NAKASONE  Parmi les hommes politiques en vue ces temps-ci, peu me semblent capables de développer une pensée cohérente en la matière. Or il est essentiel que les leaders politiques japonais, qui sont amenés à traiter avec leurs homologues étrangers, outre une perspicacité internationale et une stratégie politique nationale, acquièrent une stratégie diplomatique personnelle. C’est quelque chose que les hommes politiques étrangers possèdent fermement. Sur cette base rigoureuse, ils représentent leur pays dans leurs relations internationales. 

Autrefois, au Japon aussi le domaine de la politique étrangère relevait d’hommes qui avaient étudié les fondements des différents régimes dans le monde. Comme je le disais précédemment, il serait nécessaire de repenser les valeurs que doit porter la politique et donc revenir aux fondamentaux, aux savoirs académiques que tout homme politique doit posséder pour tenir fermement sa fonction.

—Vous pensez donc que les fondements sont essentiels à la formation des hommes politiques, tant sur le terrain de la politique intérieure que sur celui de la diplomatie ?

NAKASONE  Pour connaître nos points d’appui et comprendre l’époque contemporaine, il est crucial de pouvoir compter sur des valeurs, une philosophie, une conception de l’histoire solides.

C’était autrefois la condition requise pour exercer en politique. Mais les hommes politiques actuels manquent de volonté d’apprendre.

Aiguiser son sens des valeurs, sa philosophie personnelle, approfondir sa vision de l’histoire, c’est aussi acquérir une plus grande carrure en tant qu’homme.

En ce qui concerne la diplomatie, ce n’est pas au ministre des affaires étrangères qu’il appartient de diriger la politique internationale d’un pays. Il reste le bras droit du Président de la république ou du Premier ministre à qui demeure le leadership de l’action diplomatique. Je considère de fait la diplomatie des rencontres de chefs d’État comme la quintessence de la diplomatie. Je vois les relations internationales comme une compétition mettant en œuvre la force et la sagesse des chefs d’États et de gouvernements. C’est dans ce sens qu’il m’arrive de comparer la diplomatie des sommets de chefs d’État aux Jeux olympiques. Il est nécessaire alors pour un leader politique de gagner en carrure, c’est-à-dire, par sa vision aiguë de l’histoire mondiale, sa conscience du présent, sa vision du monde personnelle, de rivaliser avec ses homologues étrangers, voire de dépasser ses homologues étrangers. C’est cette perspicacité-là qu’il s’agit d’acquérir.

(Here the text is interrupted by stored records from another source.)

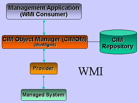 Next is CIMOM, the CIM Object Manager, which has its own storage repository and acts as a broker for object requests. CIMOM and its repository are represented on the system by the system service called WinMgmt. Providers plug into CIMOM via a published set of COM interfaces. CIMOM keeps track of what classes are available (their definitions are stored in the repository) and what provider is responsible for supplying instances of those classes. When a request for management information comes from a WMI consumer to CIMOM, it evaluates the request, identifies which provider has the information, and upon getting it returns the data to the consumer. The consumer only needs to ask for the information it wants but at no time needs to know the exact source of it or any details of how it is extracted from the underlying API. It should be noted that static data can be stored in the repository and retrieved without a provider, but the real power of the WMI system is that it supplies dynamic information about the managed system, and this is done entirely through providers.
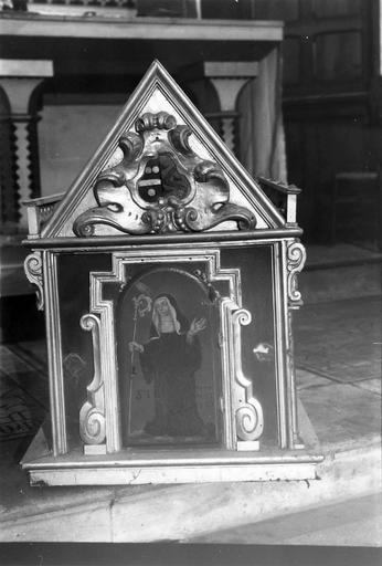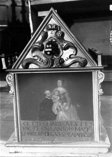 Inscription donnant l'identité du modèle : BENO/IES, IULIEN, PAVACE, ROUMAIN (noms peints sur la face antérieure de la châsse, à droite). Inscription donnant l'identité du modèle : ST AGDE NET TE (face latérale droite, au niveau des genoux de sainte Ad (e) nette). Armoiries : écusson armorié (sur le fronton triangulaire de l'édicule). Date : 1645 (au-dessous du cadre rectangulaire de la face latérale gauche). Inscription concernant le donateur : CETTE CHASSE AESTE FACTE EN L'AN 1645 MADE CHARLOTTE DEGUES PRAI ABBESSE (au-dessous du cadre rectangulaire de la face latérale gauche). Armoiries : écusson armorié (face latérale gauche).
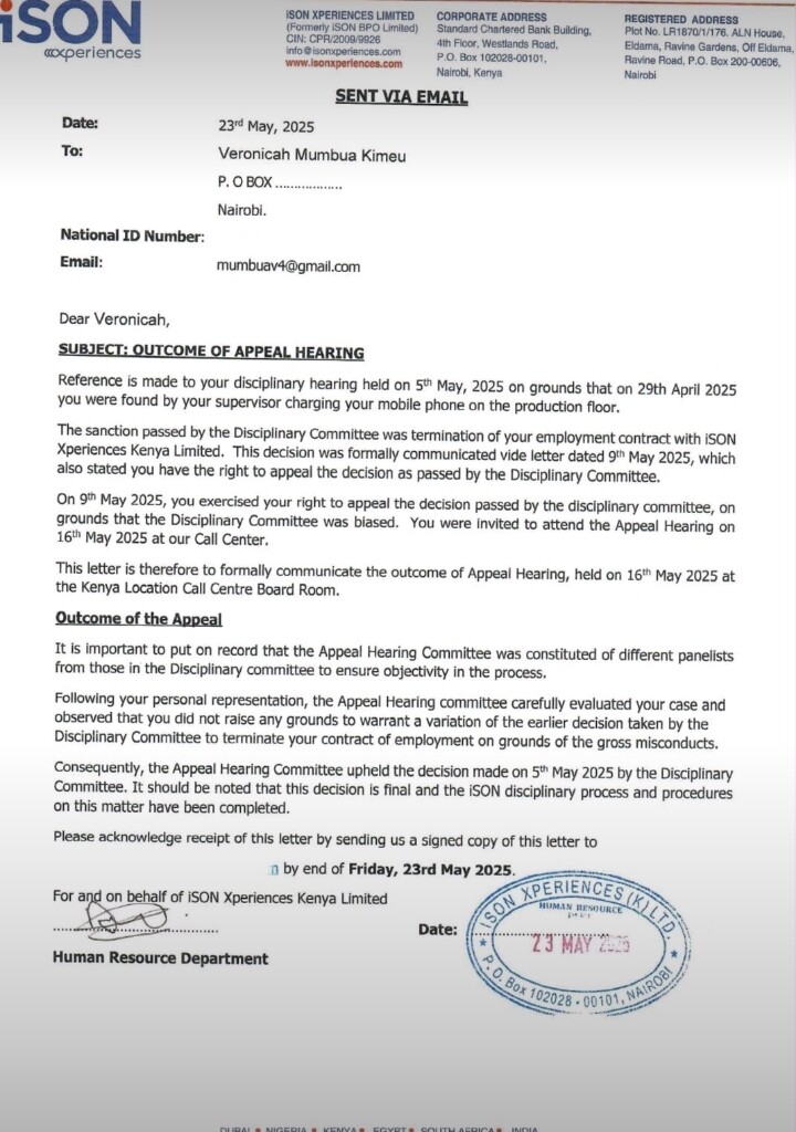 She appealed the decision, it was upheld. The people who made the decision to sack her and the ones who upheld the decision after appeal were not stupid. Just let Kimeu (this name almost sounds obscene) look for a job where she can charge her phone all day.
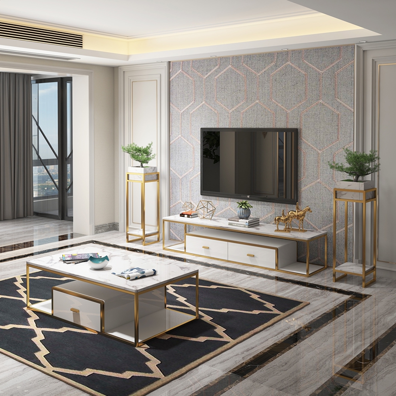 轻奢质感的茶几电视柜组合,装点客厅的风格。大理石花架既可作客厅的装饰,又可种植绿植和鲜花,增添客厅的活力感。
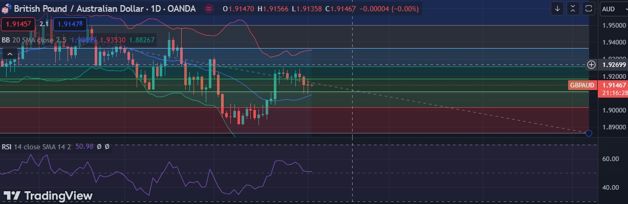 • Strong support is seen at 1.9110 (38.2%fib) and break below could take the pair towards 1.9010 (23.6%fib).
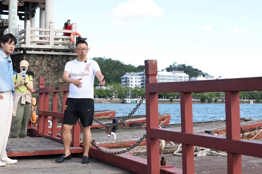 告别汕头后,张朝阳转赴潮州,探寻千年古城的文化底蕴。抵达“中国四大古桥之一”的广济桥东门时,他被韩江江景与桥体建筑吸引,“这个江的宽度刚好,有水则灵,江风一吹很舒服。”
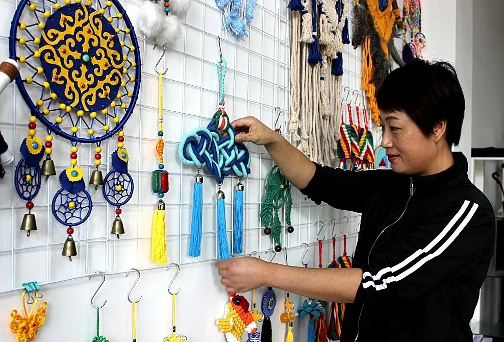 此外,绳结技艺传承人把传统工艺带去了乡村,让传统手工艺也成为了扶贫的一种助力。她们组织村里的妇女进行培训、学习。通过手工艺术村里的妇女们有了生存的技能,目前大多数村民及贫困户在第一次培训的基础上,已经充分掌握了绳结技艺,能够编织出一个合格的绳结产品,变成了名副其实的“巧娘”。她们扶贫村有协日塔拉嘎查、四方地村等。
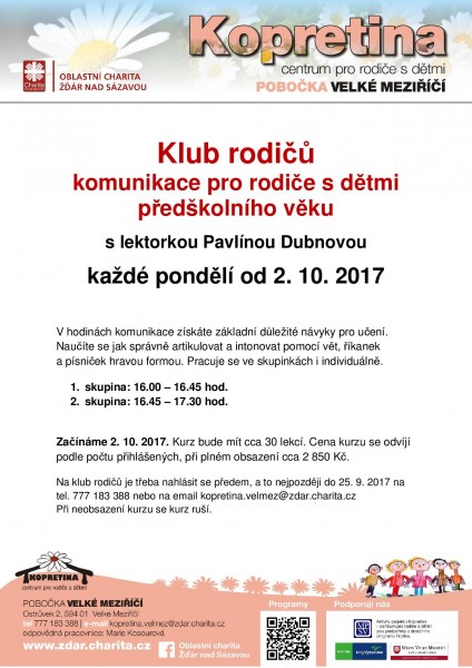 Klub rodičů – komunikace pro rodiče s dětmi předškolního věku s lektorkou Pavlínou Dubnovou, každé pondělí od 2. 10. 2017.

Lors d’une rencontre de chefs d’États, il ne faut pas plus de dix minutes pour se faire une idée des capacités de son interlocuteur. Même s’il parle une langue étrangère, on peut déduire ses capacités de son attitude en tant qu’orateur. Dans certains cas, il peut s’agir simplement de reconnaître que nous partageons les mêmes valeurs, mais ces valeurs peuvent aussi être antinomiques. Dans une situation d’affrontement, être capable d’inspirer du respect à son adversaire devient un atout pour son pays. La confiance acquise entre dirigeants lors d’une rencontre au sommet entraîne ensuite l’action diplomatique. Et la capacité à gagner la confiance des chefs d’États étrangers repose sur les capacités personnelles des hommes politiques. Mais l’éducation dispensée depuis la réforme du système scolaire après-guerre me semble bien insuffisante pour former des leaders possédant ces capacités.